I read your post and it could quite easily have been written by me! I also lost my weight with CD and have kept most of it off - although I never actually got to my goal (about 7lbs off) since then a little has crept on that I want to get off by summer. As you'll see from my ticker its not that much in the big scheme of things, but often the last bit is the hardest to shift - I think for me, because I look in the mirror now and think I look 'ok' as oppose to :cry::yuk: the sense of urgency is not quite what it was.

You should give yourself a pat on the back for keeping most of your weight off (I know I sometimes forget to celebrate that success). I find that coming on Minimins also keeps me in the right frame of mind. I don't always post, but I do read a lot of the information on here.

I also keep a running total of the calories I've eaten each day - even if I've gone over. For me this helps two-fold (1) Obviously it keeps a track of how much I've eaten each day and whether I've stuck to my calories for weightloss (around 1400) or whether I've eaten my calories for maintaining (around 1800) and, (2) If I do 'go off on one' and eat everything in sight, I still record the calories for it before I eat it. The act of writing it down sometimes also slows me down and makes me think about what I'm doing. Quite often the damage I perceive i've done in my head is nowhere near as bad as I think when its written down on paper. So one bad day does not become a week long problem.

I know exactly what you mean about weekends as this can be a problem for me too, being outside of my usual routine. I try to balance this up with doing a more strenuous exercise DVD than I would do in the week, and do it both Saturday and Sunday.

I don't know if this post has exactly motivated you?......That's what I come on here for :8855:

Anyway, keep plugging away at it. You can do it!
 
Hi Jax.

Firstly, CONGRATULATIONS on losing all that weight on CD - that's fab!!! :talk017: At least you have proved to yourself that you can do it when you set your mind to it. That's half the battle I think, knowing that you can do it.

I don't know if you feel like I do, but I think that the less weight you have to lose the harder it is to stay motivated. I have around 17lb to lose. I say 'around' as I am not particularly bothered if I hit that particular weight or not, it's just a guide for me to work towards. And that weight is also just one that I would 'like' to be, it's not as if I 'have' to be that weight. Maybe it would be easier if I had to lose it for a certain reason, I don't know...at the moment I haven't had to go up a dress size or anything, I am just making the use of every spare inch of fabric in my current clothes!!!! And on the days where my motivation had abandoned me, I do have a little evil thought "Aww, I'm not that much overweight, half a pizza or a couple or biscuits isn't going to harm"!!! :devilangel:

11lbs isn't that much to lose at all, and maybe it's harder now because you like the way you are, the way you look, and it wouldn't be the end of the world if you had to stay like this, rather than go back to your old self......?

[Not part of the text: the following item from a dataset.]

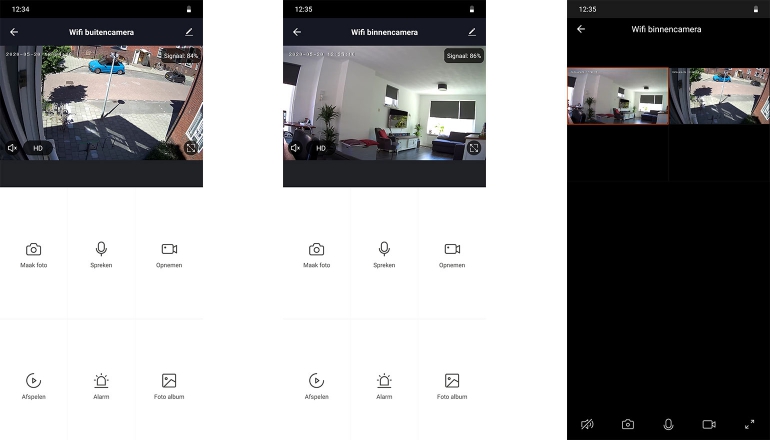 Een opvallend aspect is de manier waarop de camera met de app omgaat. Wanneer je namelijk in je eigen overzicht de camera opent en dus één camera per keer bekijkt, dan krijg je toegang tot een veel betere beeldkwaliteit. Dit geldt voor de binnen- en buitencamera. De beelden ogen hier stukken scherpen, meer kleurrijk en gedetailleerder dan wanneer je het overzicht (met al je camera’s in en om je huis) bekijkt. Waarom dit precies zo is, is ons ook een raadsel. Maar dat maakt het overzichtsscherm in elk geval minder interessant.

My mantra is "mind over matter". It's my mantra for my whole life, not just dieting. Just keep telling yourself that you are an intelligent women and you aren't going to drop down from hunger if you refuse that chinese!!!!!!!! (ooh, there is a whole thread on here somewhere about 'good' chinese!)

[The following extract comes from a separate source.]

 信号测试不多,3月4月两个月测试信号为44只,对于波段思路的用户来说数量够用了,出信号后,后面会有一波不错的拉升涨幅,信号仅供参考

Listen to me, swear I was slimmer of the year!! :ashamed0005: I had a bad week this week. I can withstand most temptations, but not my husband. When he says he fancies a pizza then I order him a pizza, even though he wishes I wouldn't, but I am an old fashioned girl who looks after her man, and have to give him bad food if that's what he wants, lol! Of course, I ended up having some too - see, no-one is perfect, least of all me :D

Hang on in there. You've done the hard bit by the sound of things, now it's just a matter of perseverance, exercise and willpower. Good luck ;)
 
i have to say i agree, we all have our bad days. i had a huge bad day today! pizza for dinner and phad thai chicken for lunch :s two bad meals in one day. i know i will weight a lil more 2moro. but i also know ill be at the gym 2moro, and will try to stick to low cal foods rest of week. i have had a horrid week really, lots of cakes as the head at my school has bought them in and i couldnt say no... but the thing is u then have to stop and say rite i had a few bad days, i wont carry them on ill now have a few good days, then a few more good days.